▶ **What you have to do**
Shown below are entries with pictures; the line with "Modern image - 1" through the line with "IxDF Course Certificates" is the span to retype exactly, and the pictures stay out.

▶ **Dataset records**
■ ■ ■ ■

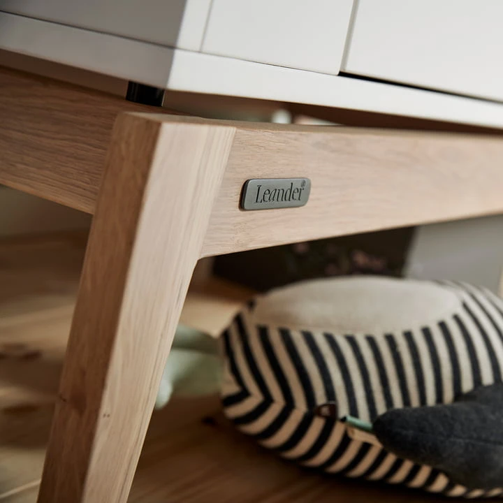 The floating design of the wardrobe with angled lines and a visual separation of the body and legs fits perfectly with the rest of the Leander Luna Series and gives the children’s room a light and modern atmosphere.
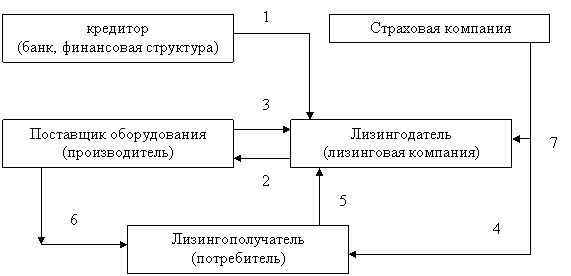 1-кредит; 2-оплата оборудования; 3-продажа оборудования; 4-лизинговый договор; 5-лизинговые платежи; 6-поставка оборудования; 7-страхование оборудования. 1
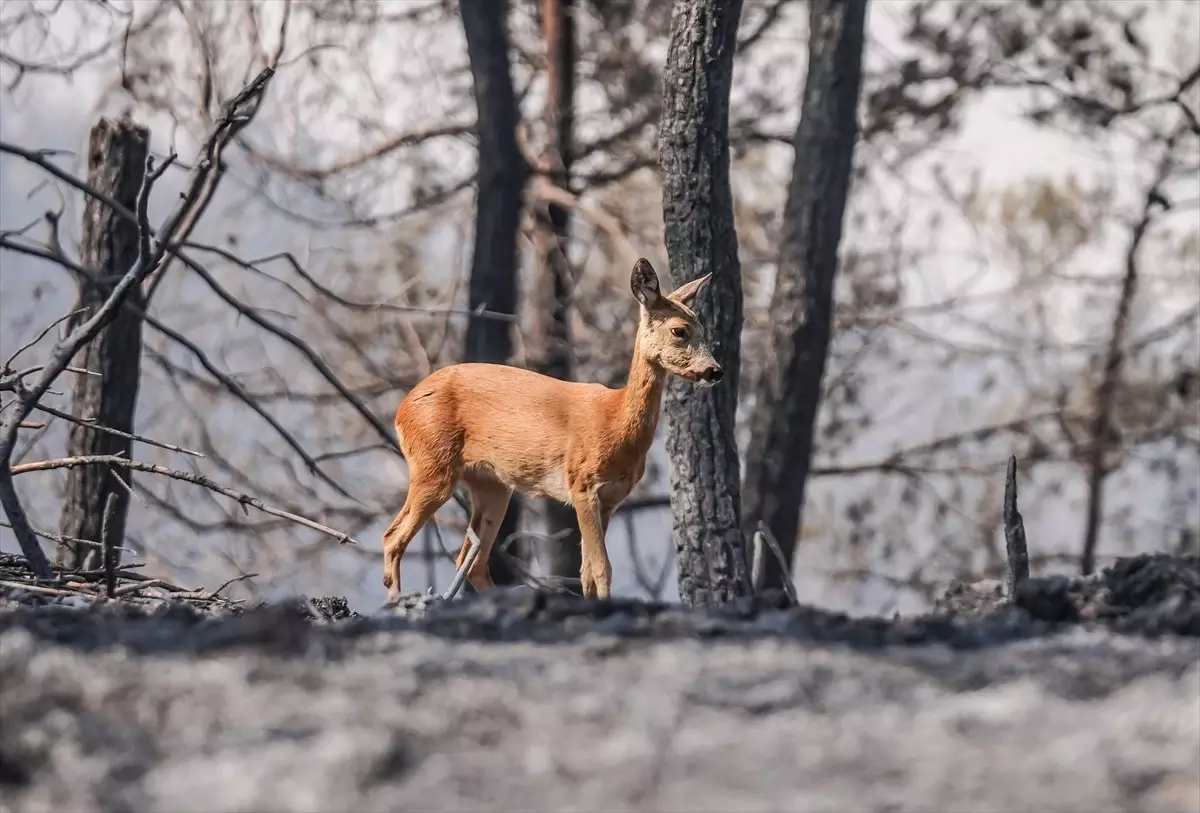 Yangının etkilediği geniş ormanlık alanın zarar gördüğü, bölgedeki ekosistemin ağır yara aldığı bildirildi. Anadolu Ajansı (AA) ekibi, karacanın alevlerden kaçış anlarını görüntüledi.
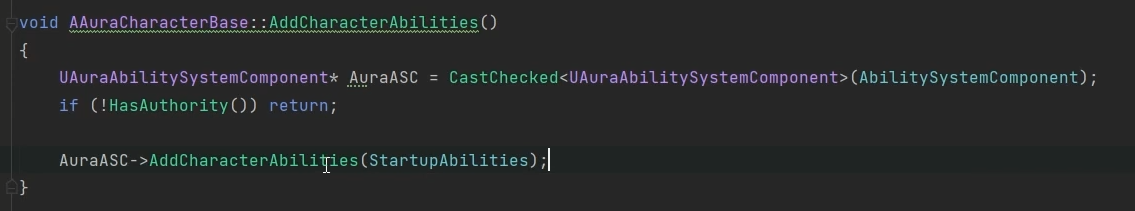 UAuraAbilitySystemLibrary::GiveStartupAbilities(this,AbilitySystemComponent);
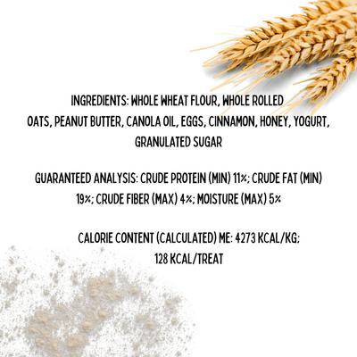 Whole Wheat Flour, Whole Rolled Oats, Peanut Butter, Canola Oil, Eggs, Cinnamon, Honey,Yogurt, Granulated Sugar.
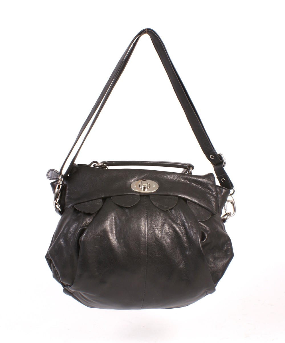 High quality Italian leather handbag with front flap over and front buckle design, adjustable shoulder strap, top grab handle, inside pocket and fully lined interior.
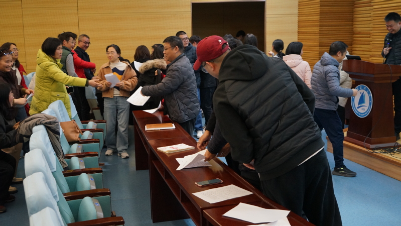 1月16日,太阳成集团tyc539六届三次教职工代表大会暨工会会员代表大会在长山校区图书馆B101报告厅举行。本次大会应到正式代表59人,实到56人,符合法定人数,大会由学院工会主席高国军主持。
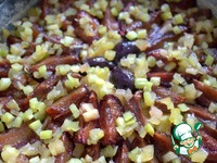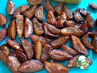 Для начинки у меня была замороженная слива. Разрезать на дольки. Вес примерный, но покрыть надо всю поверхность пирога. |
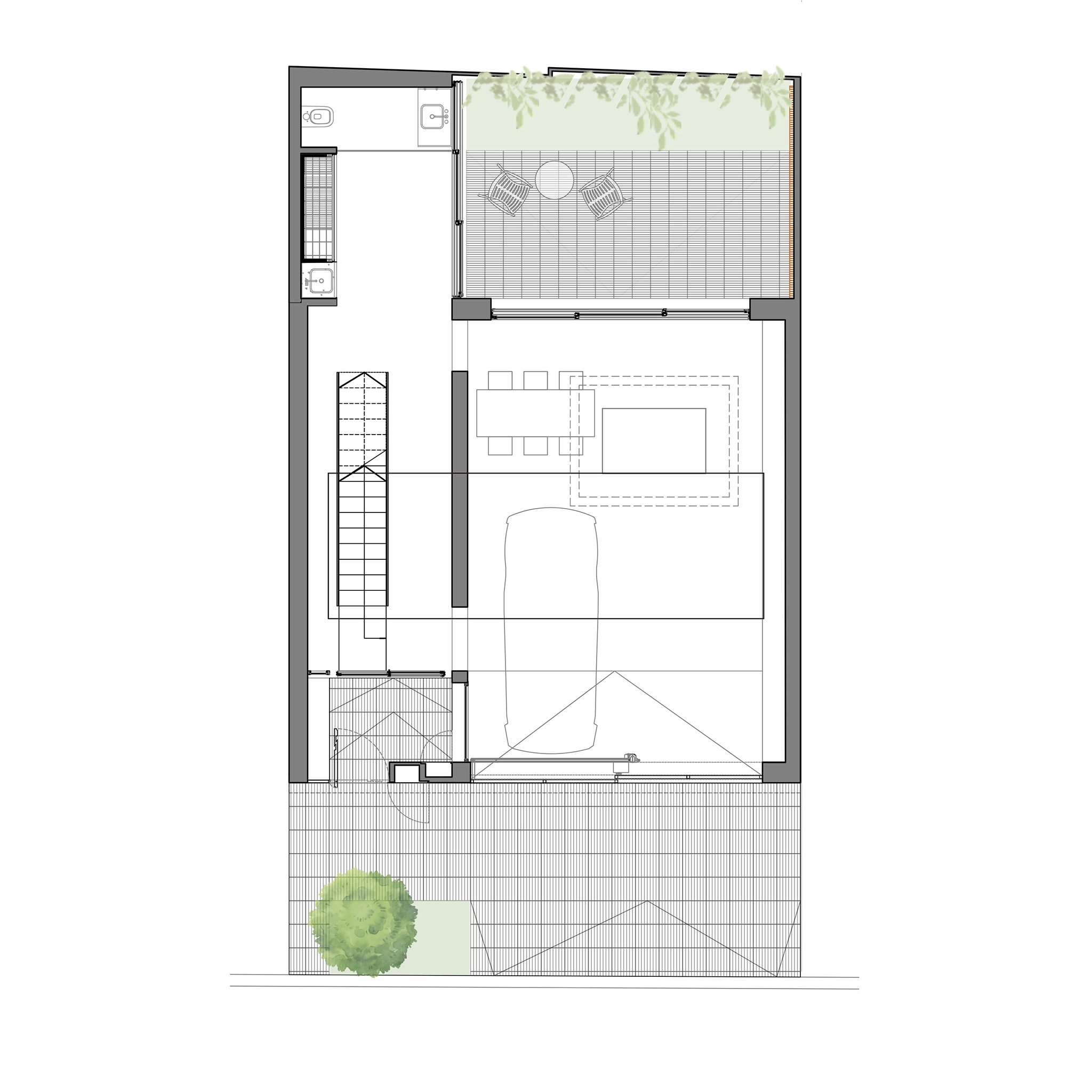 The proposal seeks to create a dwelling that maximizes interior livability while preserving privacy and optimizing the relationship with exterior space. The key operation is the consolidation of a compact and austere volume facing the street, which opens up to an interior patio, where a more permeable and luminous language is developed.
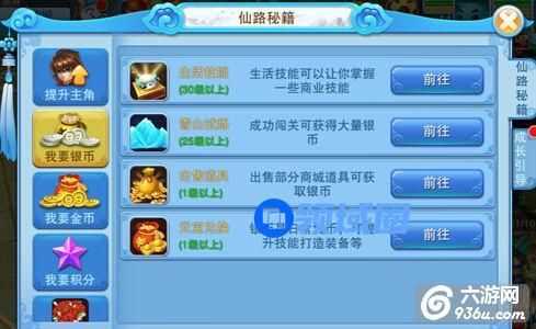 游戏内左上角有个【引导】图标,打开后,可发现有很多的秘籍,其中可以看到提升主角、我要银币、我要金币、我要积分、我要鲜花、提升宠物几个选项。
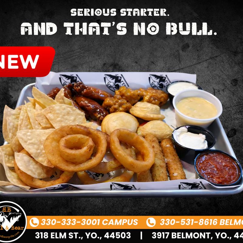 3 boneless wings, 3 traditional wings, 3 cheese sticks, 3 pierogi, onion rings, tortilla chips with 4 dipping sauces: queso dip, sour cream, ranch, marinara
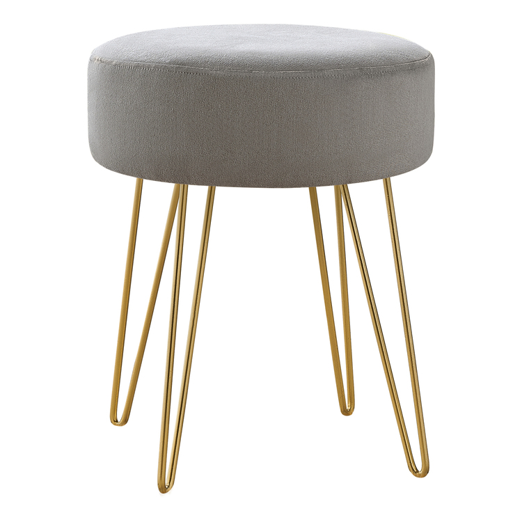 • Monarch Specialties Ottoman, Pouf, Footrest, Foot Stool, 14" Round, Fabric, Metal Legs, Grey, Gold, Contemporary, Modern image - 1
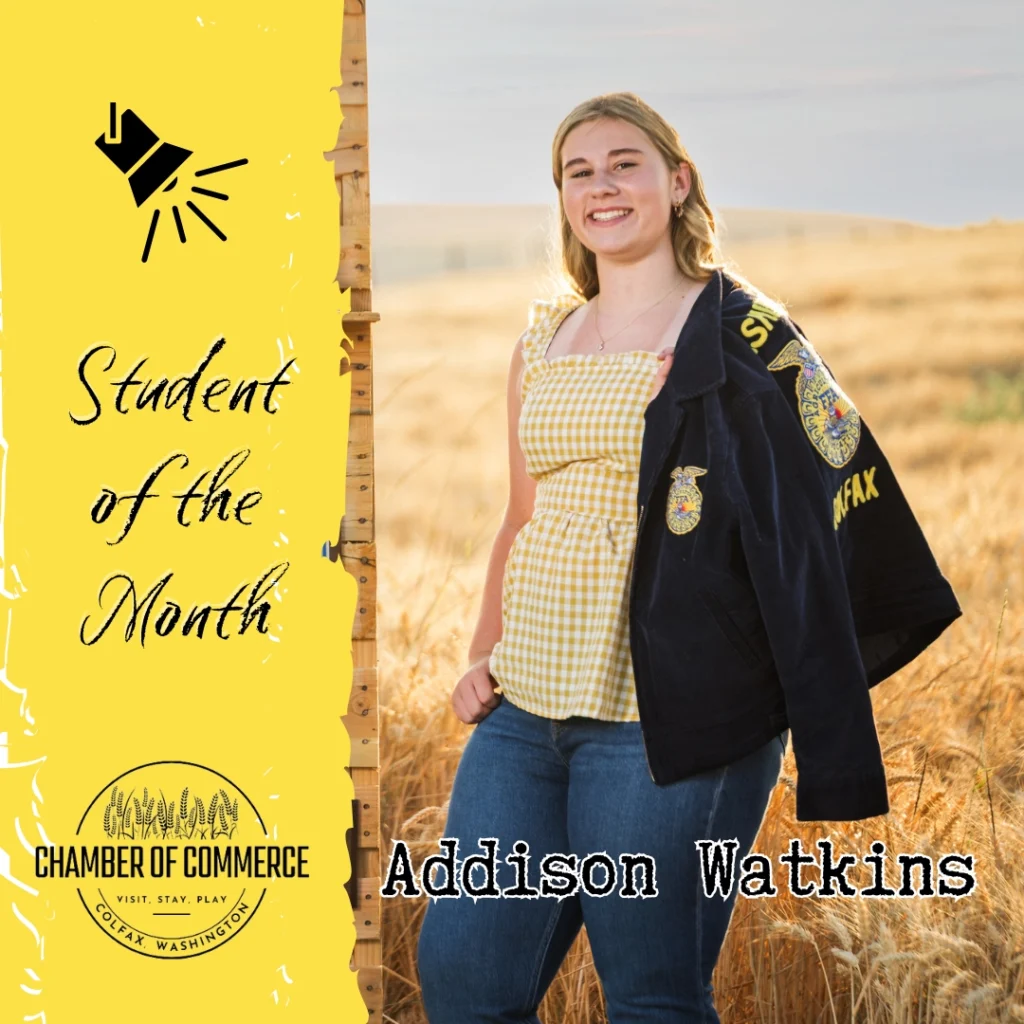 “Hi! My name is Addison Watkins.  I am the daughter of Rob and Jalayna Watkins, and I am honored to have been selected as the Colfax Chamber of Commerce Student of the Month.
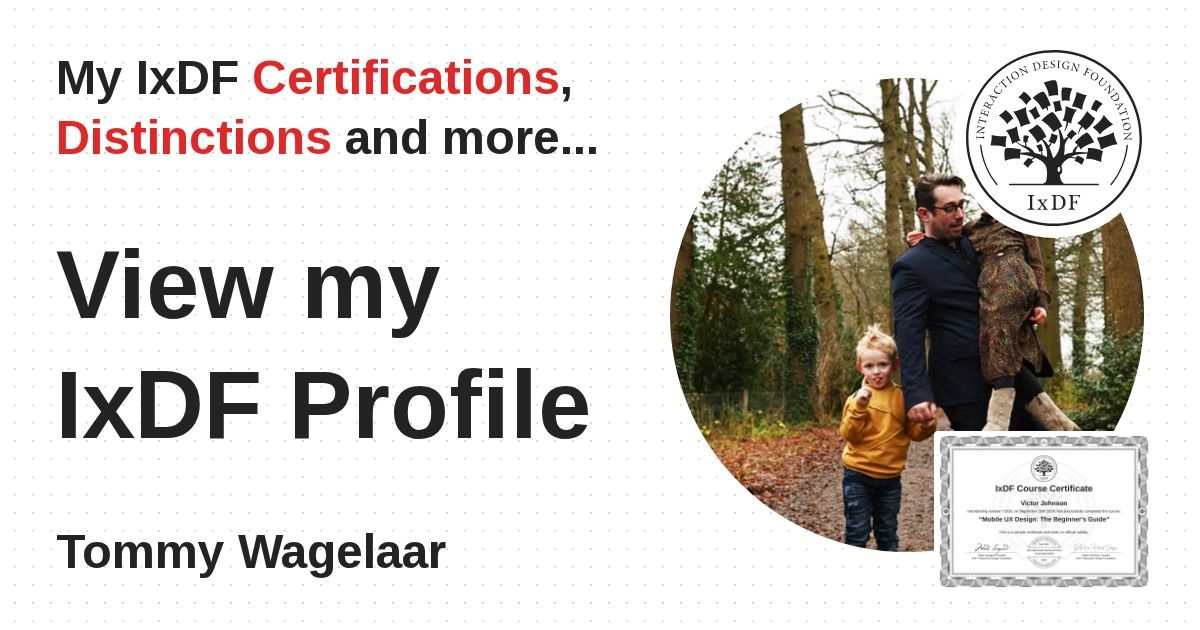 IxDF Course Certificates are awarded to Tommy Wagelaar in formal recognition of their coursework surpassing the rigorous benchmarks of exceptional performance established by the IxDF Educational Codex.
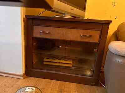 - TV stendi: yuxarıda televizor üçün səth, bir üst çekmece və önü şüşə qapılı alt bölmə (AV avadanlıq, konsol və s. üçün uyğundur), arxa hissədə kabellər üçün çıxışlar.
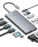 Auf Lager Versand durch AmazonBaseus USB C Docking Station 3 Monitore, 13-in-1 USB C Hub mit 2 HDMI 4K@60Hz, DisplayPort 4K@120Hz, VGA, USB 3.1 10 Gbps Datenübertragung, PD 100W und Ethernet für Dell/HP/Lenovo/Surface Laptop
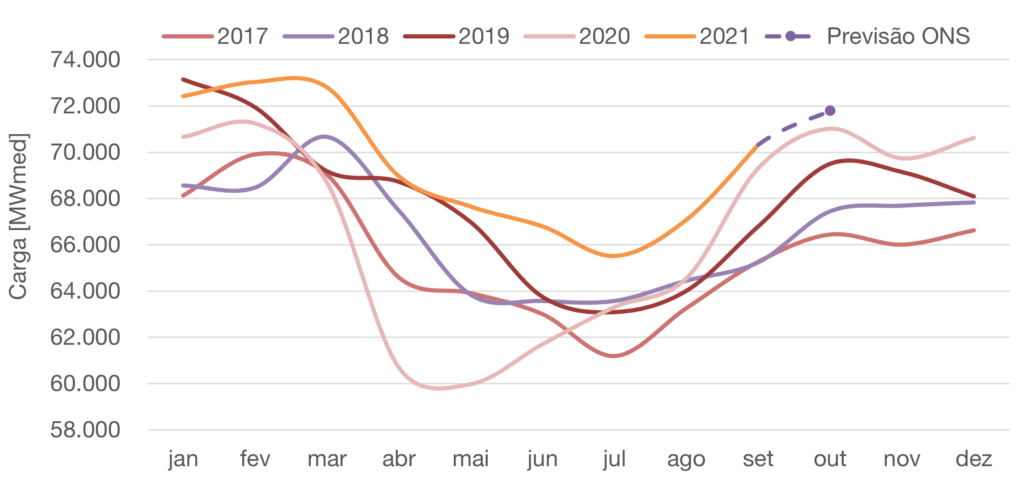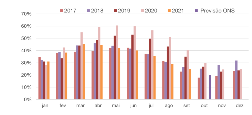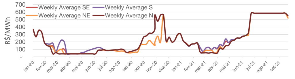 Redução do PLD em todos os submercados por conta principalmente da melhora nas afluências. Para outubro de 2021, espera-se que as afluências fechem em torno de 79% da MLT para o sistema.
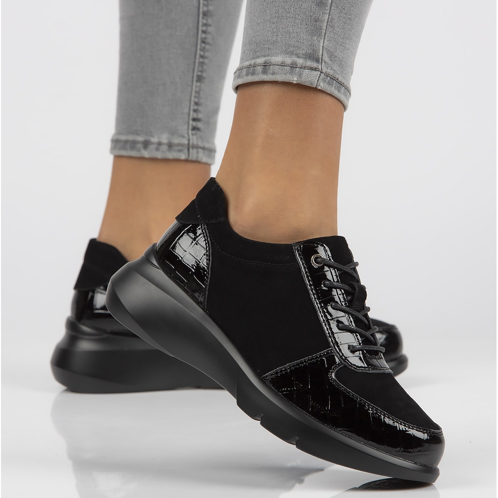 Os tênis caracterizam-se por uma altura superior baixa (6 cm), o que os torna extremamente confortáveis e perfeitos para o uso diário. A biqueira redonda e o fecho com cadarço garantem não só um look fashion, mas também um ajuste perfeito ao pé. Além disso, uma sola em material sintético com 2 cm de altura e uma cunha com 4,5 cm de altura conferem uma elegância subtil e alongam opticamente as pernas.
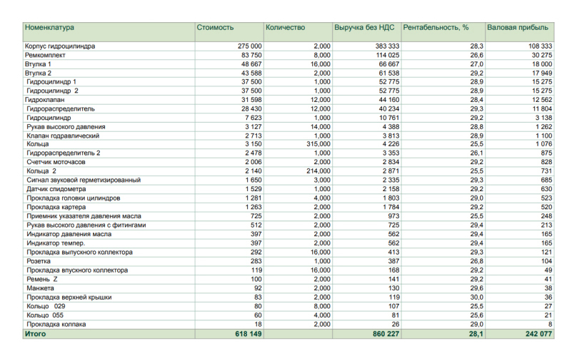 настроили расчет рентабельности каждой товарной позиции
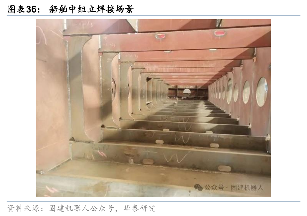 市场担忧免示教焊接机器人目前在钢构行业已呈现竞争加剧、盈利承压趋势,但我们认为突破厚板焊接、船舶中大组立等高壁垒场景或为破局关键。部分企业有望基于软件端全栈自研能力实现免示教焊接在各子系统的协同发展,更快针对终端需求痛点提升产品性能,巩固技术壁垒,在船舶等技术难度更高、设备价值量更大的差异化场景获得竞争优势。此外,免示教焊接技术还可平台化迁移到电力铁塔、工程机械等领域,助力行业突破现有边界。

■ ■ ■ ■

▶ **Task solution**
 • Monarch Specialties Ottoman, Pouf, Footrest, Foot Stool, 14" Round, Fabric, Metal Legs, Grey, Gold, Contemporary, Modern image - 1
 “Hi! My name is Addison Watkins.  I am the daughter of Rob and Jalayna Watkins, and I am honored to have been selected as the Colfax Chamber of Commerce Student of the Month.
 IxDF Course Certificates are awarded to Tommy Wagelaar in formal recognition of their coursework surpassing the rigorous benchmarks of exceptional performance established by the IxDF Educational Codex.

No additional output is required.